■ Task statement: Only one portion of the data is to be written out: from the line bearing "Attwood 7524A7 Snap-Handle" through the line bearing "Taşlı Kalp Kolye - Altın". Write it exactly as it appears.
▽
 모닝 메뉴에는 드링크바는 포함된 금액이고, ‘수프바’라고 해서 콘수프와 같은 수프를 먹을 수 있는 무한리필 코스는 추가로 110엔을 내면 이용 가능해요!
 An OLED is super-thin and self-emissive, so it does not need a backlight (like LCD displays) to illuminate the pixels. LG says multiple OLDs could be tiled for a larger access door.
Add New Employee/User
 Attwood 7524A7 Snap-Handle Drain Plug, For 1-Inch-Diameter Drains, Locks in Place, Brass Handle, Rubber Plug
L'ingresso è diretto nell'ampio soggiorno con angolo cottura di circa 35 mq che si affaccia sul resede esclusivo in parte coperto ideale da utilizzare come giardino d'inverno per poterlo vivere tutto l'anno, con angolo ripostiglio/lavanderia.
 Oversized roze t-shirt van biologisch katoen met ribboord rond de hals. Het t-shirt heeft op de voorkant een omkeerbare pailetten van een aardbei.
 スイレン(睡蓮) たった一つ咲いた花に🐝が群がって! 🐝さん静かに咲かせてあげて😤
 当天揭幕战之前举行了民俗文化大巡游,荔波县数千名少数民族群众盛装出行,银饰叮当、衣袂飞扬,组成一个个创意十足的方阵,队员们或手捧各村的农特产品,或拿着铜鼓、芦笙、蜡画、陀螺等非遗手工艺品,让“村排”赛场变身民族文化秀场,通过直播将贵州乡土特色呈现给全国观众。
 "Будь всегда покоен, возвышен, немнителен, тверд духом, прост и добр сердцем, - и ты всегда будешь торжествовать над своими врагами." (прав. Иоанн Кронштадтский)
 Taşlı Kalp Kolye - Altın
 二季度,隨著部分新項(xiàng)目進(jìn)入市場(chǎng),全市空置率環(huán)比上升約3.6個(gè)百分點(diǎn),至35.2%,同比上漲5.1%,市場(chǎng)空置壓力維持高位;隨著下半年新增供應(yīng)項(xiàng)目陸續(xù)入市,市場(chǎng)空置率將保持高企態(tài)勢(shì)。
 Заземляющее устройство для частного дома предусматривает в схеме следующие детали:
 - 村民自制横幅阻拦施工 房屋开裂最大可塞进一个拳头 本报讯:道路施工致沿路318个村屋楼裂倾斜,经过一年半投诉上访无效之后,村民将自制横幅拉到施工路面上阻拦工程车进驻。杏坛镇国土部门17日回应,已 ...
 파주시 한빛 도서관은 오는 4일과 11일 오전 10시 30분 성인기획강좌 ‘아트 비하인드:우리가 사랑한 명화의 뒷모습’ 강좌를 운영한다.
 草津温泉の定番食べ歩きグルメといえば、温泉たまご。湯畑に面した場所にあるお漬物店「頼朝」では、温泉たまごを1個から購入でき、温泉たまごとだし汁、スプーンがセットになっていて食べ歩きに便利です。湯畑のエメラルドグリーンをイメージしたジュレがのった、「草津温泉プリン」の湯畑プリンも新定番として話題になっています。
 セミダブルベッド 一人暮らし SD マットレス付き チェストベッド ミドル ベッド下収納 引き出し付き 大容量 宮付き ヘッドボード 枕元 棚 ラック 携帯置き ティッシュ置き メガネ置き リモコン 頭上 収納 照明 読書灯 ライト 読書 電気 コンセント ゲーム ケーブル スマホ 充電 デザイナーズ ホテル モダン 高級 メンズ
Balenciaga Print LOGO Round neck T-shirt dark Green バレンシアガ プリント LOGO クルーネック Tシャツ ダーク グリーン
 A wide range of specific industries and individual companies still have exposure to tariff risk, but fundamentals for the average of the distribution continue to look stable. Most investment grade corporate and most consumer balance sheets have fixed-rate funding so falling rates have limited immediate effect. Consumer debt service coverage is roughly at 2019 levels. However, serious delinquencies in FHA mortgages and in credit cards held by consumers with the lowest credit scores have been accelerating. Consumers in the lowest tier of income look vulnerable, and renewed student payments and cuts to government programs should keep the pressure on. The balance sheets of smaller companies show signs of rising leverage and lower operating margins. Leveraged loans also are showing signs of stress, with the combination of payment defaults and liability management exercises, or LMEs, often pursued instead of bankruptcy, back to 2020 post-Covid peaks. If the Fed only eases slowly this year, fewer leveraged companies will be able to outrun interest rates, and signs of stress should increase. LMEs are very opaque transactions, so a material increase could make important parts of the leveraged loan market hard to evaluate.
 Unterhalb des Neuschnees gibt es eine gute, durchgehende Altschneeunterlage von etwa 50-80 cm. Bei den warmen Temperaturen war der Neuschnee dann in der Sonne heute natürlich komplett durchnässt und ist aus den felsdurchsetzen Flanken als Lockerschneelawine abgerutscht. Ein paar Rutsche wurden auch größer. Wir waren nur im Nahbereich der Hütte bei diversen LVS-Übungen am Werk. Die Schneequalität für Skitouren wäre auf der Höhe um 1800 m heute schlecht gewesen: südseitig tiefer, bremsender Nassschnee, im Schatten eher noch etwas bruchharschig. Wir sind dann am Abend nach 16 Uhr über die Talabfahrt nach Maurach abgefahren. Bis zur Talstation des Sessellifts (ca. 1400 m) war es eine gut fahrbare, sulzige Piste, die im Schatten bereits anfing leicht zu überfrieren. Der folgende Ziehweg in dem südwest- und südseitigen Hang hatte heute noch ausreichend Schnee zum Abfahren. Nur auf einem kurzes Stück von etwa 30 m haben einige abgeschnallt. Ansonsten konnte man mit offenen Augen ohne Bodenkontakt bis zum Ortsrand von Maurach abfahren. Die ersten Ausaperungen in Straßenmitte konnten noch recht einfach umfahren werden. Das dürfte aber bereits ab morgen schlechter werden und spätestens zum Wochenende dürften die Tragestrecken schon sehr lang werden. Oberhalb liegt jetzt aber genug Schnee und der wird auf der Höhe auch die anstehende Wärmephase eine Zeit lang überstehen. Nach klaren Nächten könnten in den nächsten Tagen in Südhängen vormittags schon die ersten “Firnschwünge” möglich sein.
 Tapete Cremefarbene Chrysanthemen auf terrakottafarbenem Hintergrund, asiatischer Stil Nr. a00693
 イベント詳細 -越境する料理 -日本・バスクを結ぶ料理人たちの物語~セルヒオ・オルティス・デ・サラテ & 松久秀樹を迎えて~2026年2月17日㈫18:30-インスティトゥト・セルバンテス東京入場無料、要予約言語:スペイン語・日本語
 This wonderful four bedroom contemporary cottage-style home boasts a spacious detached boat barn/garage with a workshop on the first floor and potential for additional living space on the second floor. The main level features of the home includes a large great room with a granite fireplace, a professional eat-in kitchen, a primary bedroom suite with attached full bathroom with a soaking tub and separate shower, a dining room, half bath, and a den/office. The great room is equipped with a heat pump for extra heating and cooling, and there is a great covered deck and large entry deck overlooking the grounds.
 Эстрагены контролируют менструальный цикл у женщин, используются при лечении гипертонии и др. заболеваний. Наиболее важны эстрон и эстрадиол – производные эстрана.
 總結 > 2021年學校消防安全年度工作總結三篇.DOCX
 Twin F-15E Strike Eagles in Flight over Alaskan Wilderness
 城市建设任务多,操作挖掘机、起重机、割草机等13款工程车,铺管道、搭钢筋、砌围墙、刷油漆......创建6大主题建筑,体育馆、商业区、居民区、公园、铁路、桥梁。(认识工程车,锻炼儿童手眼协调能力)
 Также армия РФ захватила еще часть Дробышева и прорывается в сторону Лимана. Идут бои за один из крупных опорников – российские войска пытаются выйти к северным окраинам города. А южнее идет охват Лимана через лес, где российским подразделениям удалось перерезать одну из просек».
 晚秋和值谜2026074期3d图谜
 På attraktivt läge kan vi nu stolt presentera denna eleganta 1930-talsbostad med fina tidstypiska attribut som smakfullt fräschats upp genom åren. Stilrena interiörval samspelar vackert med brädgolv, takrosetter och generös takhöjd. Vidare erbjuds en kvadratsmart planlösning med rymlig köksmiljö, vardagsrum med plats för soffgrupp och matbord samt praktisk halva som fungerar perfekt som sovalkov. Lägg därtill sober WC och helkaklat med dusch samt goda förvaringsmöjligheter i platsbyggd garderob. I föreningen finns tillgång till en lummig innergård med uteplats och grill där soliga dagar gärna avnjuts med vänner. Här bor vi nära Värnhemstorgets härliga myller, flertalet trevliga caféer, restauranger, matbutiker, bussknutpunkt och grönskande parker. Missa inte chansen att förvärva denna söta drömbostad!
△
■ Solution to this exercise:
 Attwood 7524A7 Snap-Handle Drain Plug, For 1-Inch-Diameter Drains, Locks in Place, Brass Handle, Rubber Plug
L'ingresso è diretto nell'ampio soggiorno con angolo cottura di circa 35 mq che si affaccia sul resede esclusivo in parte coperto ideale da utilizzare come giardino d'inverno per poterlo vivere tutto l'anno, con angolo ripostiglio/lavanderia.
 Oversized roze t-shirt van biologisch katoen met ribboord rond de hals. Het t-shirt heeft op de voorkant een omkeerbare pailetten van een aardbei.
 スイレン(睡蓮) たった一つ咲いた花に🐝が群がって! 🐝さん静かに咲かせてあげて😤
 当天揭幕战之前举行了民俗文化大巡游,荔波县数千名少数民族群众盛装出行,银饰叮当、衣袂飞扬,组成一个个创意十足的方阵,队员们或手捧各村的农特产品,或拿着铜鼓、芦笙、蜡画、陀螺等非遗手工艺品,让“村排”赛场变身民族文化秀场,通过直播将贵州乡土特色呈现给全国观众。
 "Будь всегда покоен, возвышен, немнителен, тверд духом, прост и добр сердцем, - и ты всегда будешь торжествовать над своими врагами." (прав. Иоанн Кронштадтский)
 Taşlı Kalp Kolye - Altın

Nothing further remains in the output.